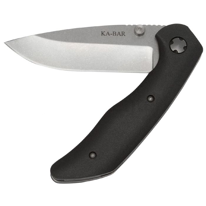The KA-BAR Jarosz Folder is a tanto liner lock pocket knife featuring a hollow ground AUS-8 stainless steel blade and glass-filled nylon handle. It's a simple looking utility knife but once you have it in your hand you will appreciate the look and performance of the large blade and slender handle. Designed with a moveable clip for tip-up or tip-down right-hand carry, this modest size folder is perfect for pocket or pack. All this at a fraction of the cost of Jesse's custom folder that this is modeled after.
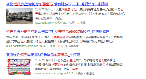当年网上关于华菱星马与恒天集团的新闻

* * *

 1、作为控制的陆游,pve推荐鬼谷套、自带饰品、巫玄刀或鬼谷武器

* * *

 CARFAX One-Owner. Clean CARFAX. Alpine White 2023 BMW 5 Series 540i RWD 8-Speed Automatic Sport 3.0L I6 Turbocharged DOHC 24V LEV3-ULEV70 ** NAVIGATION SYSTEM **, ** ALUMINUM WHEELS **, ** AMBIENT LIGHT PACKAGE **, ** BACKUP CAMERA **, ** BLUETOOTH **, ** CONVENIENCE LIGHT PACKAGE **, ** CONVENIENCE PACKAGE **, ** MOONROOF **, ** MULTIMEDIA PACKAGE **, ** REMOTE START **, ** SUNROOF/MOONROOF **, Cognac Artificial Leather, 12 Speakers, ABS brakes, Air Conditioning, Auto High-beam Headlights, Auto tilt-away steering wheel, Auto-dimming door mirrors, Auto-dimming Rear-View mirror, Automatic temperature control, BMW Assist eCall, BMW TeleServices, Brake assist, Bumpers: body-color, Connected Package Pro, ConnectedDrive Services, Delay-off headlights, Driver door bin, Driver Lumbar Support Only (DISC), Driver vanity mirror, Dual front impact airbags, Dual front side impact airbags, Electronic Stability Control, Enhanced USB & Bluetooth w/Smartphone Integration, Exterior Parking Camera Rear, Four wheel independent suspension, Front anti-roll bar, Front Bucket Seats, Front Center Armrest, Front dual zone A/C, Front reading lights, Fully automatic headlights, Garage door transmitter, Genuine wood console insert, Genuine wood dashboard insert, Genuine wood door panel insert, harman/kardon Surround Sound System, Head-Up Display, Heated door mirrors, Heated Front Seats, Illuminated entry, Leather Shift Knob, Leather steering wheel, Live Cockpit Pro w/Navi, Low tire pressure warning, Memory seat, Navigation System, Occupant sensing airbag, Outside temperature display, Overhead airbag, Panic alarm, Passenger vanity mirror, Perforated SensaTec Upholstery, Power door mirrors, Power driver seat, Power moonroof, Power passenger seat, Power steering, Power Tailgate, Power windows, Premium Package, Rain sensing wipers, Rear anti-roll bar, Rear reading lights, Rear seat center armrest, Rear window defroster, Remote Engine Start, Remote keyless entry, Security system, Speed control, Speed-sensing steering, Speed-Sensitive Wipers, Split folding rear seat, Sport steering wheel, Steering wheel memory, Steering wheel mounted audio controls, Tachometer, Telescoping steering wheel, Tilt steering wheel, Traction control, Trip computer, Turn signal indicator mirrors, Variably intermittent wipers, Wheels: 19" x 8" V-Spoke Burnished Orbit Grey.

* * *

Print, word for word, the lines above that run from the line containing "The KA-BAR Jarosz" to the line containing "当年网上关于华菱星马与恒天集团的新闻", both included. Keep the pictures out.

● Written solution:
The KA-BAR Jarosz Folder is a tanto liner lock pocket knife featuring a hollow ground AUS-8 stainless steel blade and glass-filled nylon handle. It's a simple looking utility knife but once you have it in your hand you will appreciate the look and performance of the large blade and slender handle. Designed with a moveable clip for tip-up or tip-down right-hand carry, this modest size folder is perfect for pocket or pack. All this at a fraction of the cost of Jesse's custom folder that this is modeled after.
当年网上关于华菱星马与恒天集团的新闻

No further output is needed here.